Water is an important natural resource and clean water is vital for maintaining health and hygiene of all living organisms. Estimating and classifying water quality facies is a critical way to analyse water quality and proper water management. The present study underlines the applicability of Machine Learning (ML) models to assess water quality by classifying hydrogeochemical facies within the Tawi basin of the Jammu region. This study employs a range of ML algorithms, including Decision Tree (DT), XGBoost, Random Forest (RF), K-Nearest Neighbors (KNN), and Artificial Neural Network (ANN), to evaluate their effectiveness in accurately classifying hydrogeochemical facies derived from Piper's diagram.

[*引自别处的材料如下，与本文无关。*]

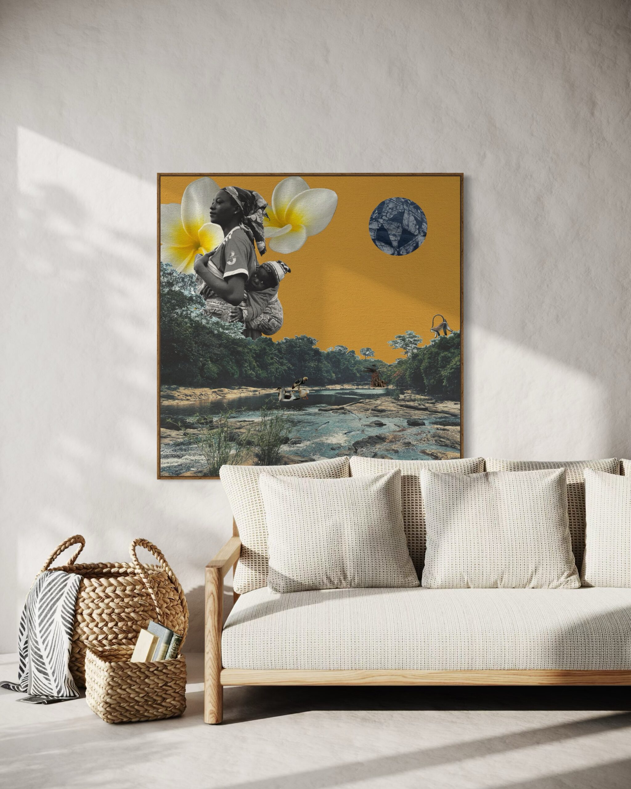 In honor of the Yoruba Orisha of feminity, abundance and nurturing, this collage depicts my idea of the different ways Osun impacts our daily lives. By being a conduit of vitality, she flows through our rivers, trees and animals, and passes that vitality to us for nourishment of our body and souls.

The dataset, consisting of chemical parameters extracted from water samples collected from the Tawi basin, was initially imbalanced, with a large majority of samples belonging to a single facies. To address this, we applied the Synthetic Minority Over-sampling Technique (SMOTE), ensuring balanced class distributions for more reliable model training and evaluation. The classification results demonstrate high accuracy across the models, with DT achieving 93%, RF 99%, XGBoost 96%, KNN 81%, and ANN 96%. In addition to overall accuracy, we employed other evaluation metrics such as precision, recall, F1-score, and the precision-recall curve to provide a more comprehensive assessment of model performance. The results underscore the potential of ML in automating water quality assessment based on hydrogeochemical parameters. The findings of the study provide a robust framework for using ML models in determining water quality, particularly in regions where data is scarce and conventional analysis is limited.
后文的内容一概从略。